• [EXERCISE DESCRIPTION]
The whole listing should come back exactly as written, except for the pictures.
'''
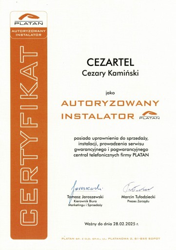 - instalujemy i konfigurujemy również zdalnie zakupiony u nas sprzęt Platan
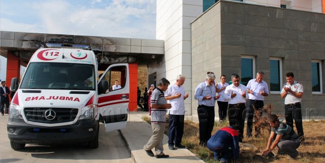 Konuşmaların ardından ambulans hastaneye teslim edilirken birde kurban kesildi.
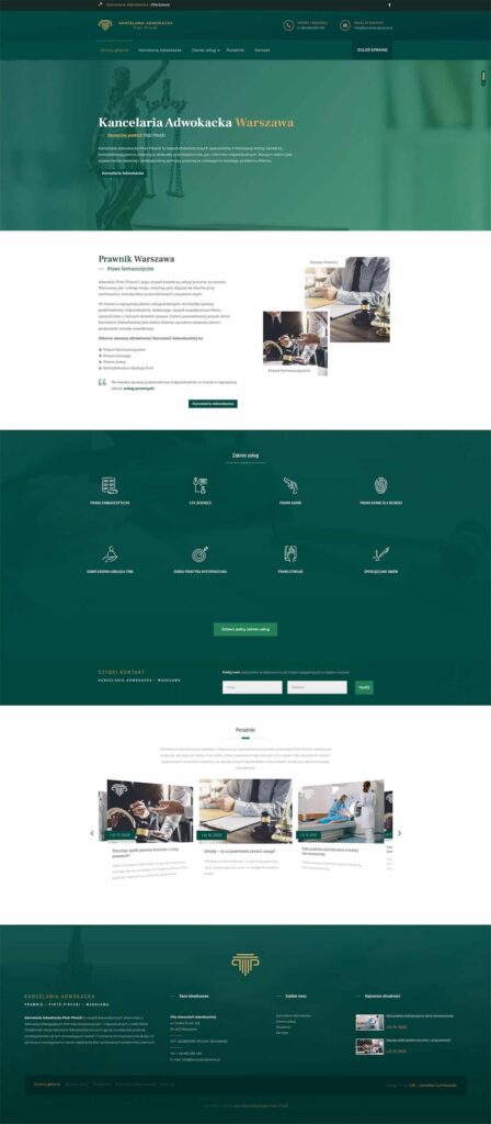 Strona internetowa stworzona dla Kancelarii Adwokackiej z Warszawy Piotr Pirecki • Strona wykonana na systemie WordPress + Blog + formularze kontaktowe + portale społecznościowe + opinie.
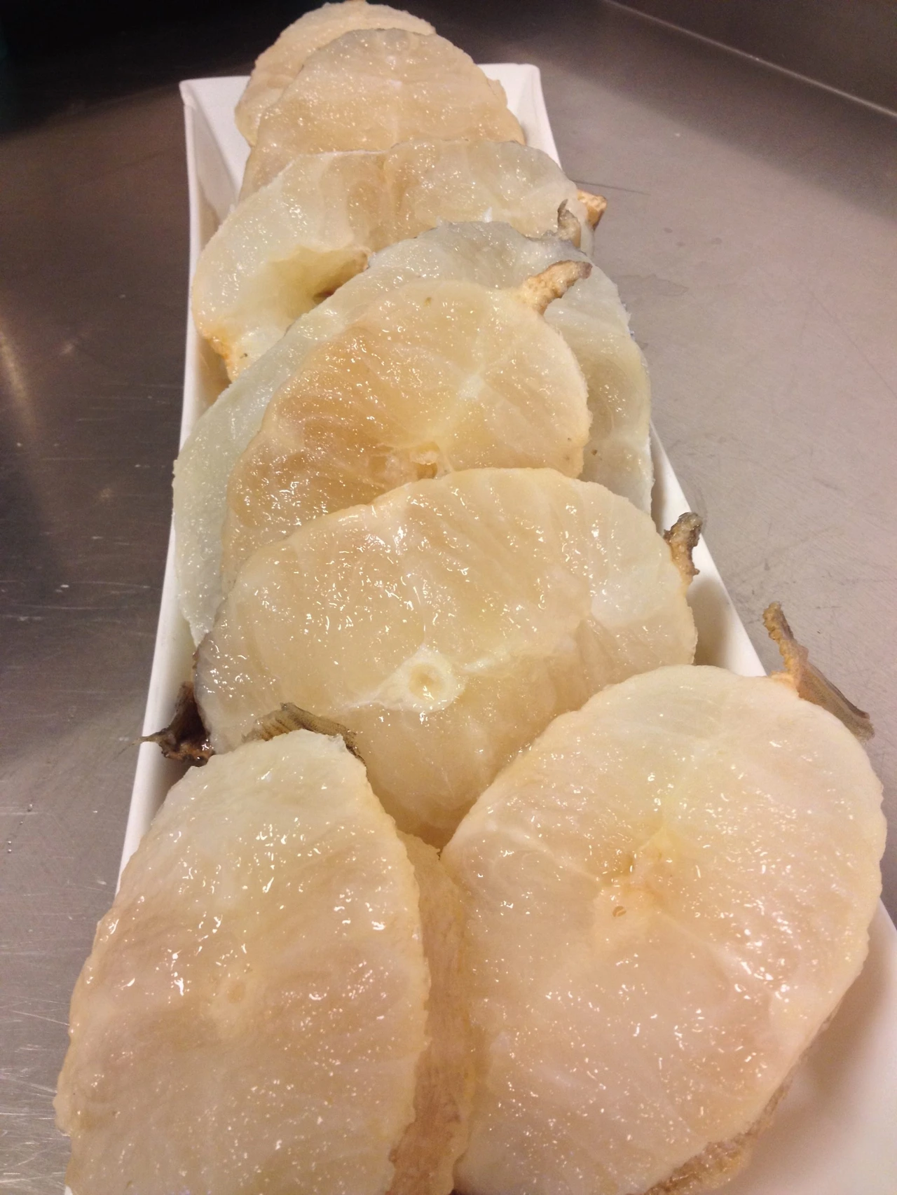 물론 그대로 먹을 수는 없다. 5-6일이상 매일 물을 갈아주면서 물에 담가 불린 다음에, 이틀 정도 더 물을 갈지 않는 상태로 약간의 가성소다(잿물)이 든 물에 다시 불려야 한다고 한다. 이 과정을 거치면서 말렸던 생선이 다시 부피가 커지고, 단백질의 50% 정도를 잃으면서 젤리같이 탱글탱글한 식감이 완성된다.
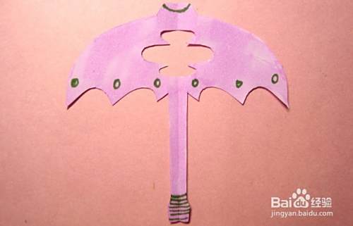 最后,用浅红色的马克笔,在剪出的漂亮的儿童雨伞图形上,涂颜色,注意颜色要涂均匀,并用绿色的马克笔在漂亮的儿童雨伞图形上画出装饰图形,这样一个漂亮的儿童雨伞剪纸手工就制作好了,如下图所示。
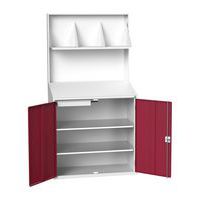 Konsultationsstation udstyret med bagpanel og høj hylde. Skrånende skriveflade. Underskab udstyret med 2 galvaniserede stålhylder og 1 skuffe. Forstærkede dobbeltdøre og integrerede håndtag. Låsbar. Fremstillet i Storbritannien
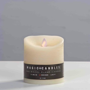 Ambiance garantie avec cette bougie Magic Flame. Cette bougie couleur crème à un diamètre de 7,5 cm pour une hauteur de 12,5 cm et est faite de véritable cire de sorte qu’il est pratiquement impossible de la distinguer d’une vraie bougie. La flamme en revanche est une petite ampoule LED, tout à l’avantage de la sécurité en présence d’enfants et d’animaux domestiques. Elle fonctionne grâce à 2 piles AA (non fournies) et intègre une minuterie. Une fois allumée, la bougie brûle pendant 6 heures. Elle s’éteint ensuite automatiquement pour se rallumer 18 heures plus tard pour brûler pendant 6 heures. Si vous le souhaitez, vous pouvez aussi allumer et éteindre la bougie manuellement.
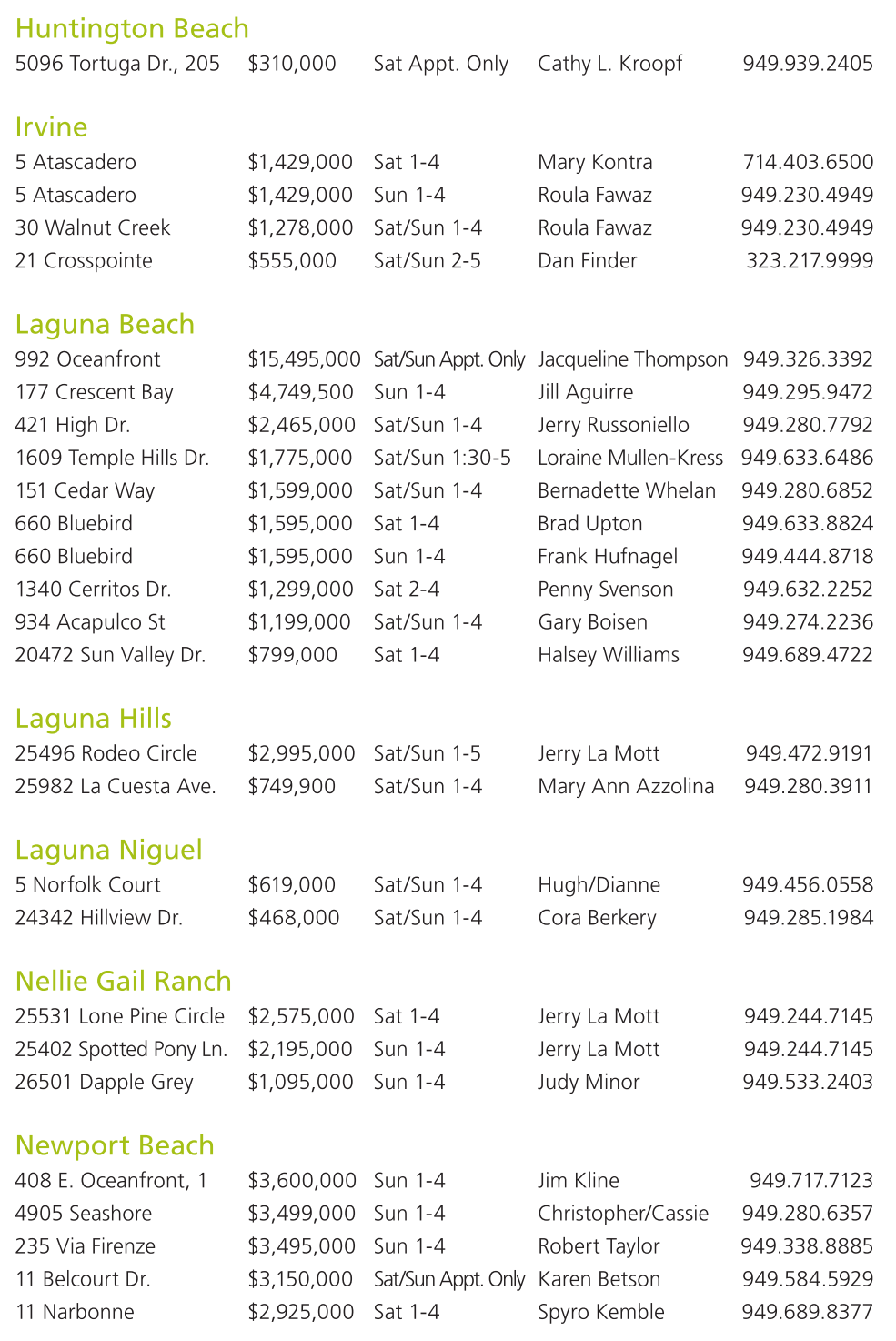 992 Oceanfront $15,495,000 Sat/Sun Appt. Only Jacqueline Thompson 949.326.3392 177 Crescent Bay $4,749,500 Sun 1-4 Jill Aguirre 949.295.9472 421 High Dr. $2,465,000 Sat/Sun 1-4 Jerry Russoniello 949.280.7792 1609 Temple Hills Dr. $1,775,000 Sat/Sun 1:30-5 Loraine Mullen-Kress 949.633.6486 151 Cedar Way $1,599,000 Sat/Sun 1-4 Bernadette Whelan 949.280.6852 660 Bluebird $1,595,000 Sat 1-4 Brad Upton 949.633.8824 660 Bluebird $1,595,000 Sun 1-4 Frank Hufnagel 949.444.8718 1340 Cerritos Dr. $1,299,000 Sat 2-4 Penny Svenson 949.632.2252 934 Acapulco St $1,199,000 Sat/Sun 1-4 Gary Boisen 949.274.2236 20472 Sun Valley Dr. $799,000 Sat 1-4 Halsey Williams 949.689.4722
'''
• [EXERCISE SOLUTION]
 - instalujemy i konfigurujemy również zdalnie zakupiony u nas sprzęt Platan
 Konuşmaların ardından ambulans hastaneye teslim edilirken birde kurban kesildi.
 Strona internetowa stworzona dla Kancelarii Adwokackiej z Warszawy Piotr Pirecki • Strona wykonana na systemie WordPress + Blog + formularze kontaktowe + portale społecznościowe + opinie.
 물론 그대로 먹을 수는 없다. 5-6일이상 매일 물을 갈아주면서 물에 담가 불린 다음에, 이틀 정도 더 물을 갈지 않는 상태로 약간의 가성소다(잿물)이 든 물에 다시 불려야 한다고 한다. 이 과정을 거치면서 말렸던 생선이 다시 부피가 커지고, 단백질의 50% 정도를 잃으면서 젤리같이 탱글탱글한 식감이 완성된다.
 最后,用浅红色的马克笔,在剪出的漂亮的儿童雨伞图形上,涂颜色,注意颜色要涂均匀,并用绿色的马克笔在漂亮的儿童雨伞图形上画出装饰图形,这样一个漂亮的儿童雨伞剪纸手工就制作好了,如下图所示。
 Konsultationsstation udstyret med bagpanel og høj hylde. Skrånende skriveflade. Underskab udstyret med 2 galvaniserede stålhylder og 1 skuffe. Forstærkede dobbeltdøre og integrerede håndtag. Låsbar. Fremstillet i Storbritannien
 Ambiance garantie avec cette bougie Magic Flame. Cette bougie couleur crème à un diamètre de 7,5 cm pour une hauteur de 12,5 cm et est faite de véritable cire de sorte qu’il est pratiquement impossible de la distinguer d’une vraie bougie. La flamme en revanche est une petite ampoule LED, tout à l’avantage de la sécurité en présence d’enfants et d’animaux domestiques. Elle fonctionne grâce à 2 piles AA (non fournies) et intègre une minuterie. Une fois allumée, la bougie brûle pendant 6 heures. Elle s’éteint ensuite automatiquement pour se rallumer 18 heures plus tard pour brûler pendant 6 heures. Si vous le souhaitez, vous pouvez aussi allumer et éteindre la bougie manuellement.
 992 Oceanfront $15,495,000 Sat/Sun Appt. Only Jacqueline Thompson 949.326.3392 177 Crescent Bay $4,749,500 Sun 1-4 Jill Aguirre 949.295.9472 421 High Dr. $2,465,000 Sat/Sun 1-4 Jerry Russoniello 949.280.7792 1609 Temple Hills Dr. $1,775,000 Sat/Sun 1:30-5 Loraine Mullen-Kress 949.633.6486 151 Cedar Way $1,599,000 Sat/Sun 1-4 Bernadette Whelan 949.280.6852 660 Bluebird $1,595,000 Sat 1-4 Brad Upton 949.633.8824 660 Bluebird $1,595,000 Sun 1-4 Frank Hufnagel 949.444.8718 1340 Cerritos Dr. $1,299,000 Sat 2-4 Penny Svenson 949.632.2252 934 Acapulco St $1,199,000 Sat/Sun 1-4 Gary Boisen 949.274.2236 20472 Sun Valley Dr. $799,000 Sat 1-4 Halsey Williams 949.689.4722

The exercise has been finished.